━━━ Given material

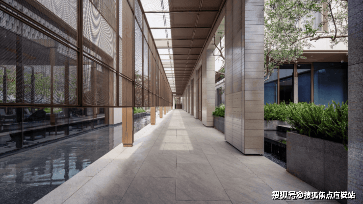 归家路上漫步于水榭光廊,阳光透过格栅在地上形成斑驳的光影,与单侧的水景波动的涟漪互动,让人在潜移默化中,获得身心的舒缓。
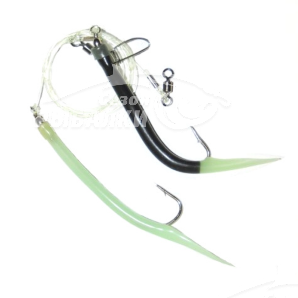 - Усиленная ставка дроп шот с двумя крючками Gummi Makk 10/0 Black-Glow/Glow
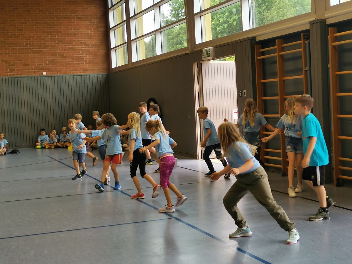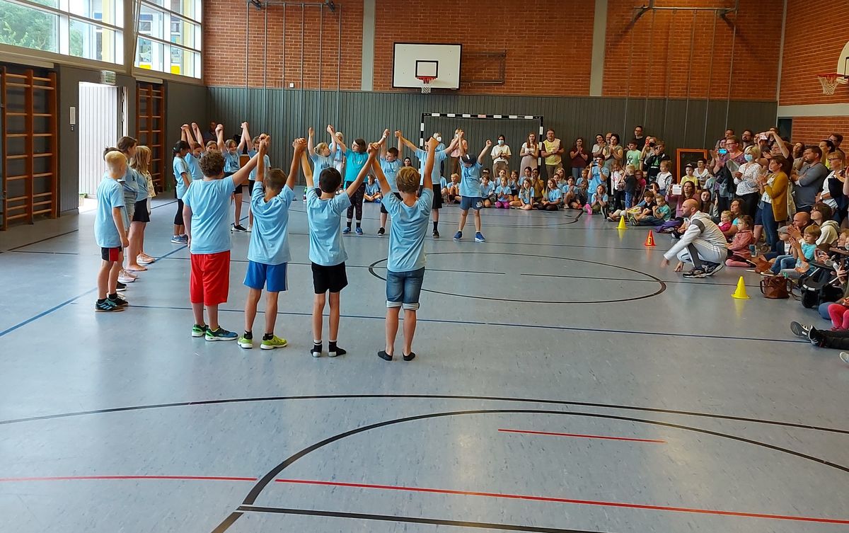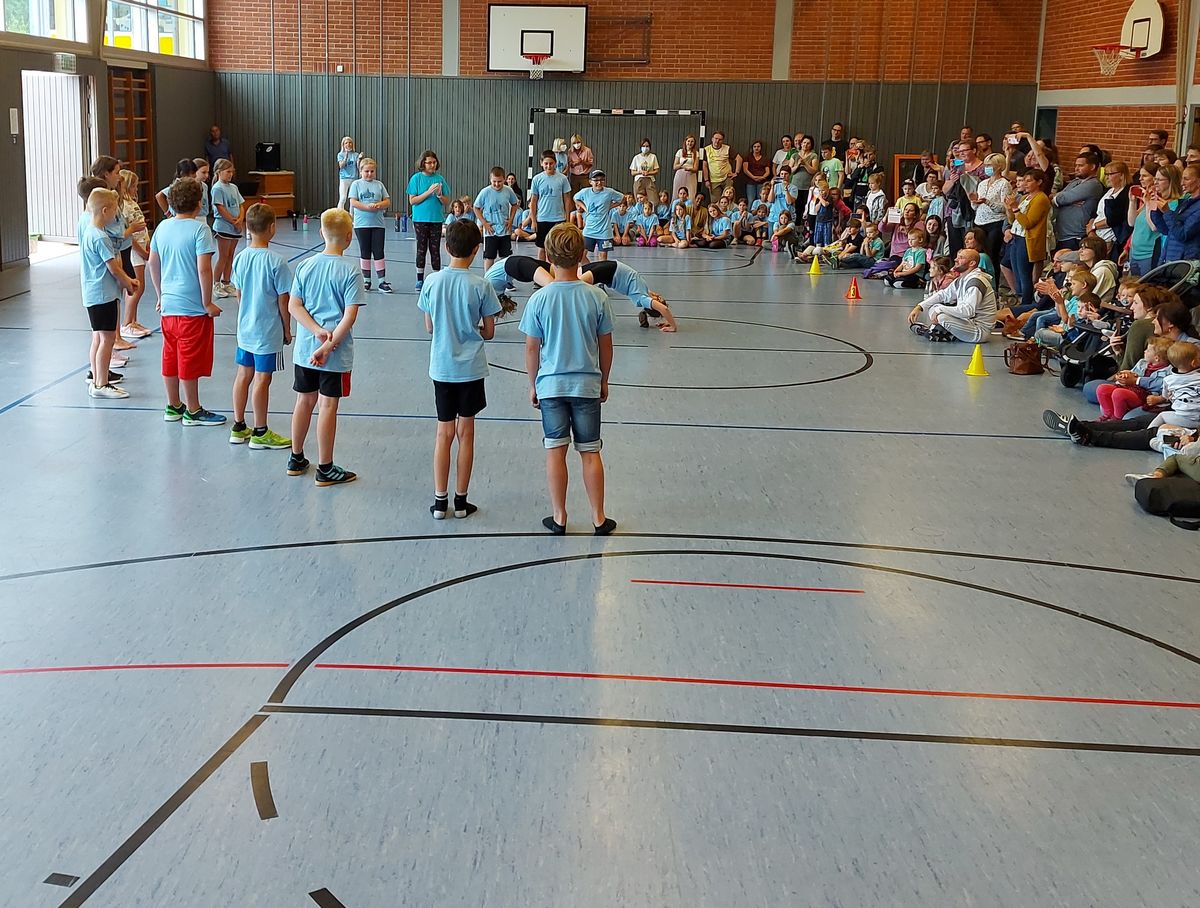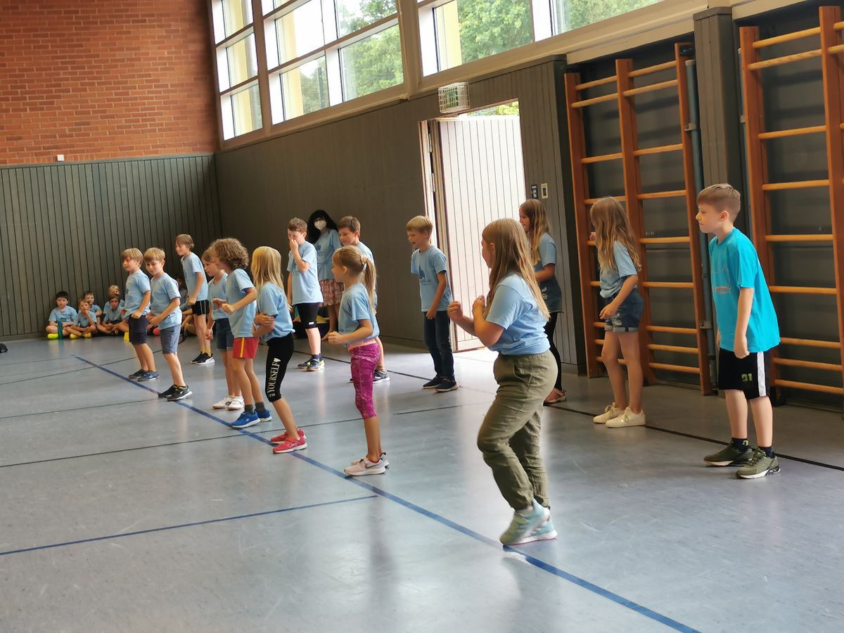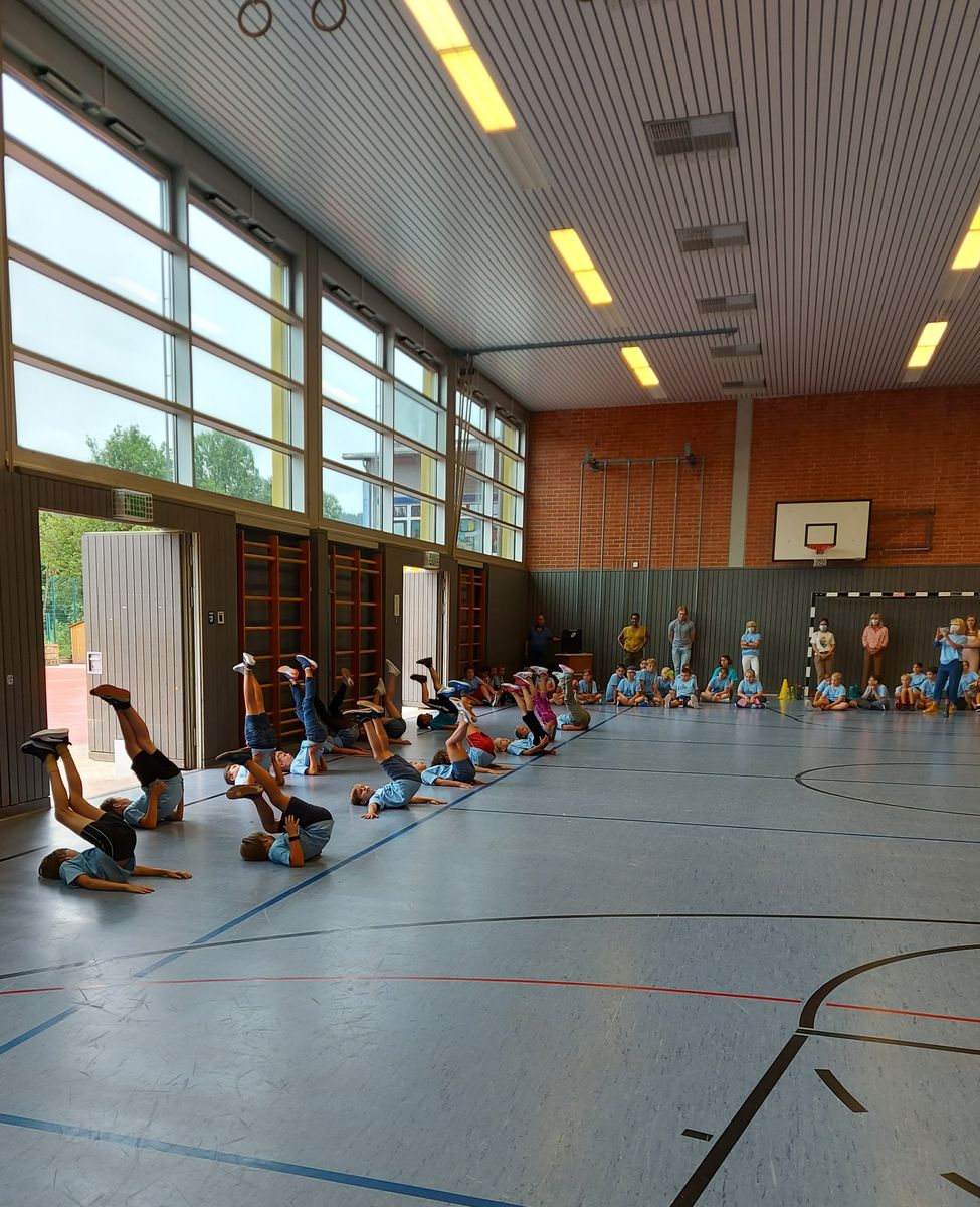 Das "POWERprojekt Schultanzwoche" begeisterte nicht nur unsere Schüler und Lehrkräfte, sondern auch Eltern, Großeltern und viele Gäste. In der Woche vom 27.6. bis 1.7.2022 nahm unsere Schule am Tanzprojekt "Wir bewegen Schule" teil. Zwei professionelle Tanzlehrer haben innerhalb von einer Woche eine beeindruckende Choreographie aus Hip-Hop bzw. Breakdance Elementen mit jeder Klasse einstudiert. Lulia und Sebastian schafften es, aus jedem Kind Bestleistungen mit viel Spaß und Freude herauszuholen. Unsere Schüler haben motiviert und voller Begeisterung an diesem Projekt teilgenommen. Herzlichen Dank an unsere beiden Profitänzer! Bei der großen Tanzaufführung am Freitag präsentierten alle Klassen in der Turnhalle ihre einstudierten Tänze. Höhepunkte waren dabei ihre selbst erarbeiteten freien „Moves“. Das begeisterte Publikum belohnte die kleinen Tänzer mit stürmischem Applause. Unser Dank gilt unserem Förderverein, welcher den Hauptteil der Kosten übernommen hat, und dem Elternbeirat für Kaffee und Kuchen.

━━━━━━

→ Problem to work on: Please give back the material above exactly as written, pictures omitted.

→ Task response:
 归家路上漫步于水榭光廊,阳光透过格栅在地上形成斑驳的光影,与单侧的水景波动的涟漪互动,让人在潜移默化中,获得身心的舒缓。
 - Усиленная ставка дроп шот с двумя крючками Gummi Makk 10/0 Black-Glow/Glow
 Das "POWERprojekt Schultanzwoche" begeisterte nicht nur unsere Schüler und Lehrkräfte, sondern auch Eltern, Großeltern und viele Gäste. In der Woche vom 27.6. bis 1.7.2022 nahm unsere Schule am Tanzprojekt "Wir bewegen Schule" teil. Zwei professionelle Tanzlehrer haben innerhalb von einer Woche eine beeindruckende Choreographie aus Hip-Hop bzw. Breakdance Elementen mit jeder Klasse einstudiert. Lulia und Sebastian schafften es, aus jedem Kind Bestleistungen mit viel Spaß und Freude herauszuholen. Unsere Schüler haben motiviert und voller Begeisterung an diesem Projekt teilgenommen. Herzlichen Dank an unsere beiden Profitänzer! Bei der großen Tanzaufführung am Freitag präsentierten alle Klassen in der Turnhalle ihre einstudierten Tänze. Höhepunkte waren dabei ihre selbst erarbeiteten freien „Moves“. Das begeisterte Publikum belohnte die kleinen Tänzer mit stürmischem Applause. Unser Dank gilt unserem Förderverein, welcher den Hauptteil der Kosten übernommen hat, und dem Elternbeirat für Kaffee und Kuchen.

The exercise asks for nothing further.